Rob, As per the Aster web site:" both models are built to "AS RETIRED" specs" and from the photos of the static display engines it looks like no marker lights on the tender is correct. 

GNSteamer, Aster used Iron tires on their early engines I would not worry about wearing them out, I think you will wear out long before those drivers... As for rusting, they look to be painted so this should not be a problem, traction should be better, the weight of the S2 is the same as the Berkshire and I have not found the Berk. lacking in traction, unless someone has "oiled down the rails" So with iron tires the S2 should be able to pull a sizeable train!


----------



## GNSteamer (Jan 16, 2008)

I don't think the word "Oversight" exists in Han's dictionary. Exhaustive research has gone into this project in conjunction with the Great Northern Historic Society. Of all of the locomotive's in the Great Northern roster, this prototype's unique welded tender certainly simplified the replication of details in the model's Vanderbilt tender.


----------



## Ron67 (Jan 14, 2008)

Making progress on Black #, slow, but progress none the less. I have finished through step number three and am finding that the drive linkage is binding. I can get a 180 degree rotation but that's it. I've doubled checked all the steps leading up to this point but somehow something is not right. Will have to try to work this out before proceeding to the next step.


----------



## rbednarik (Jan 2, 2008)

Ron, 

Be sure to add a drop of oil to all of the running gear and axle boxes.
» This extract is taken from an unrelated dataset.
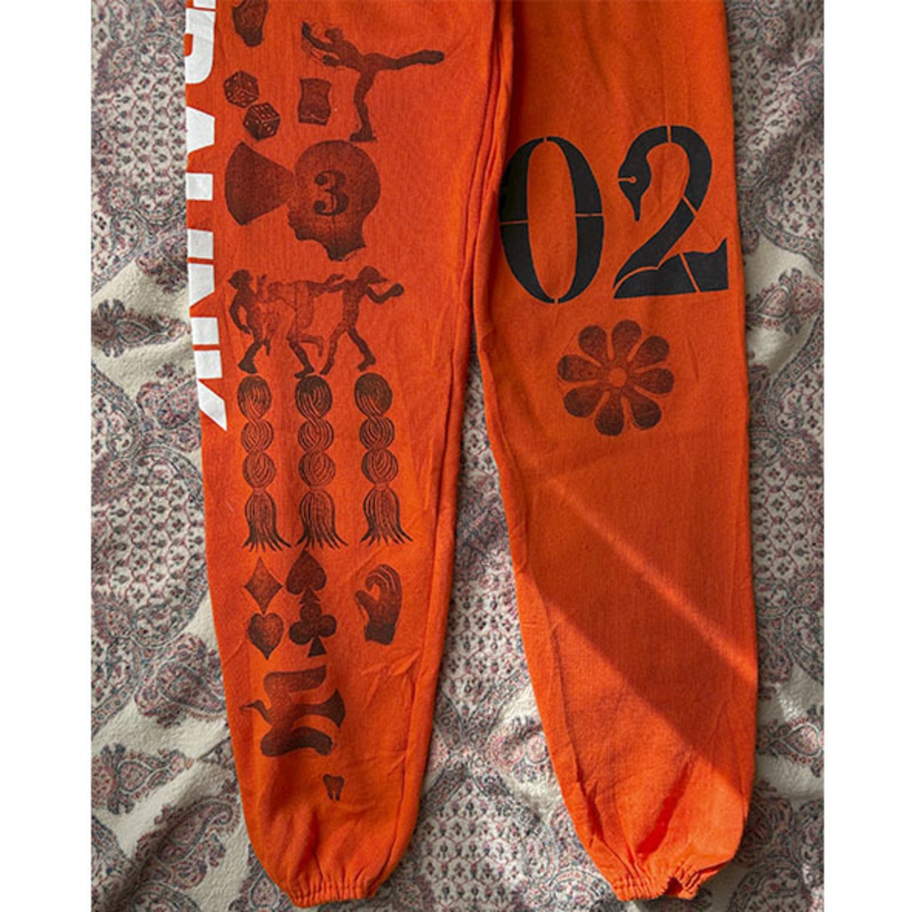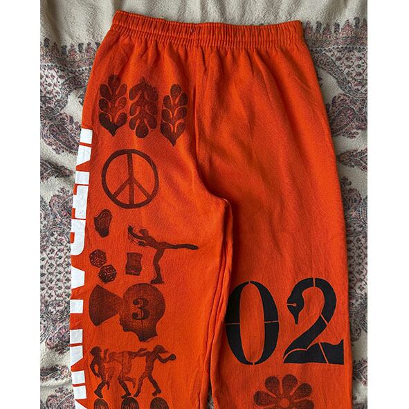 古着のスウェットパンツを手彫りスタンプでカスタム・リメイクしました。

This can cause binding due to excessive friction....I have seen perfectly square frames and running gear bind because the bearings were left dry.


----------



## k5pat (Jan 18, 2008)

the drive linkage is binding. I can get a 180 degree rotation but that's it. I've doubled checked all the steps leading up to this point but somehow something is not right. Will have to try to work this out before proceeding to the next step.



Ron, make sure the chassis is perfectly straight and that everything is square. The chassis should be built on a perfectly flat surface to make sure everything is in alignment.
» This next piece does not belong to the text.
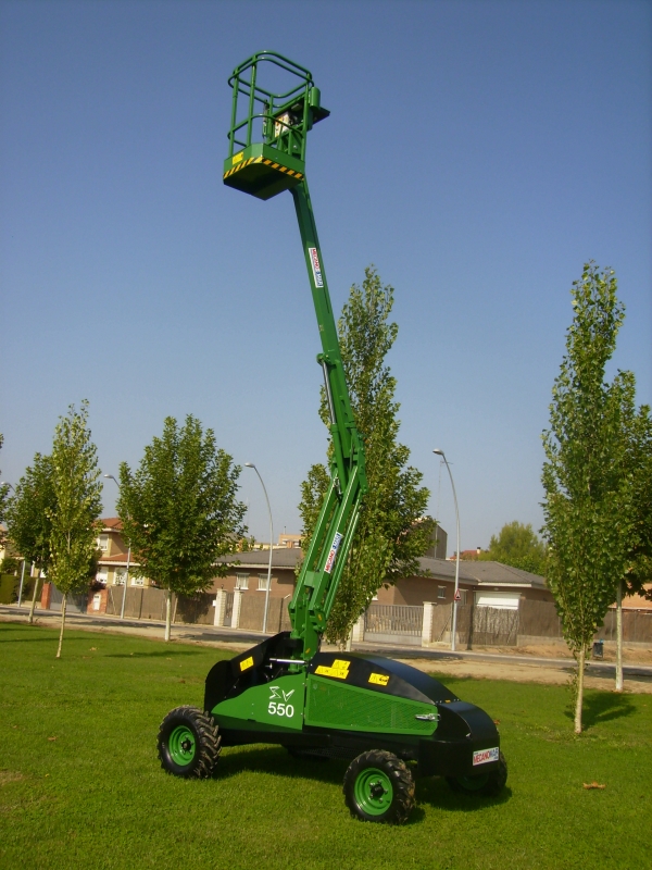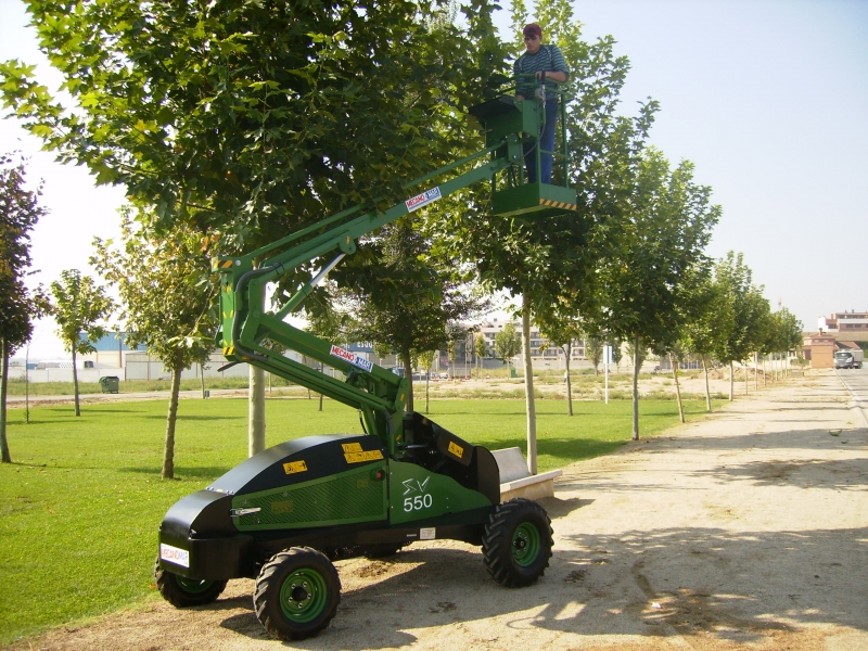 La plataforma elevadora para poda AV 550 con una altura de trabajo de 7,5 m presenta una gran maniobrabilidad gracias a su rapidez en los movimientos de la cesta de trabajo. Nuestro nuevo modelo de plataforma elevadora especialmente diseñada para la poda urbana, poda de jardines, poda de cerezos, poda de almendros, ... También resulta ideal para la poda y mantenimiento de campings y propiedades particulares.

Go back over every step in the book and double check your work and make sure the left and right parts are installed properly.


Just some thoughts from my experience.


----------



## danielstroka (Jan 10, 2008)

Ron, 

If it stops dead at 180 degrees it could be the strap on the eccentric connecting to the axel pump is on backwards and needs to be reversed. I did this by mistake. Also I noticed everything moves really smooth with the wieght on the wheels and wheels on the ground. However if I place blocks under the frame and elevate all the wheels off the ground, it is less free. 
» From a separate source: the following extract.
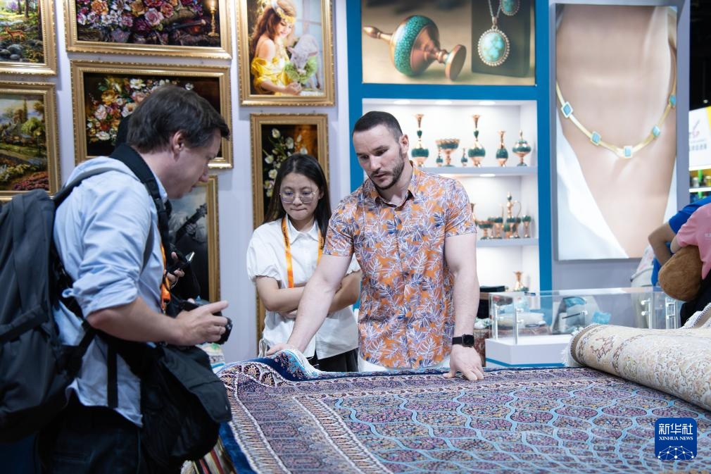 9月10日,参展者在2025年服贸会主题展秘鲁展台参观、咨询。

So far all the parts seem to fit better (w/o any filing or deburring) than the Berk kit.


----------



## k5pat (Jan 18, 2008)

Has anyone noticed if the driver rods are rubbing on the brake support arms? Mine are very close to rubbing and with some sway while running they may rub.


----------



## Ron67 (Jan 14, 2008)

concerning the binding issue, I've narrowed the problem down to the water pump. Detatched, the rnning gear runs like a watch. Now I just need to figure out why the compression and decompression of the plunger is so stiff. 

Pat, I've noticed the same thing about the clearance between the rods and the brake hangers. So far I've not noticed any rubbing marks. Thanks to everyone for the suggestions. Hopefully I can figure out the water pump. All in all, construction has gone very smoothly and I continue to be impressed with the fit and finish.


----------



## k5pat (Jan 18, 2008)

Ron, make sure you put a drop of light oil on all the O-rings and on the eccentric for the water pump. Are you sure you put the SS ball in the correct banjo fitting? If it's in the output line that would cause the pump to bind.


----------



## Ron67 (Jan 14, 2008)

The problem is the axle pump ram. It appears that it bottoms out about half way in the pump housing and does not allow full compression, thereby "binding" the running gear at about 180 degrees of rotation. Not sure if this can be fixed w/o replacing. I've carefully inspected the inside of the housing and there does not appear to be anything to prevent the full compression. Any thoughts?


----------



## k5pat (Jan 18, 2008)

Ron, 
Disconnect all fittings from the pump and manually slide the piston in and out. If it is still binding, make sure you have the correct O-ring installed and oiled. If so, I would give Hans a call and see if you can get a replacement pump and piston. I had a defective oil tank solder joint on my Berkshire and Hans quickly sent a replacement.


----------



## Ron67 (Jan 14, 2008)

Other than Aster Japan, any resources out there for 3mm stainless balls? I checked Lowes and HD without success. Also checked my local hobby shop. Thanks.


----------



## k5pat (Jan 18, 2008)

Ron, 
Try Small Parts at  [url]http://www.smallparts.com/products/descriptions/bnmx.cfm [/url]


----------



## AsterUK (Jan 2, 2008)

Hi, a 1/8th inch diameter stainless steel or bronze ball can be used instead of 3mm. Some folks like to substitute a Nitrile rubber ball in their axle pumps. 

AsterUK


----------



## JEFF RUNGE (Jan 2, 2008)

Pat, see note #6 on Hans's web site in his S-2 biulding tips.


----------



## GNSteamer (Jan 16, 2008)

Send Hans an email and he will source any missing parts for your kit from Japan. 
As for the axle pump action, you might check the orientation of the pump arm on the eccentric, if that is correct as well as the elevation at which the lock nut is securing the pump body onto the bulkhead as well as the position of the eccentric on the driver axle that everything lines up.


----------



## k5pat (Jan 18, 2008)

Pat, see note #6 on Hans's web site in his S-2 biulding tips.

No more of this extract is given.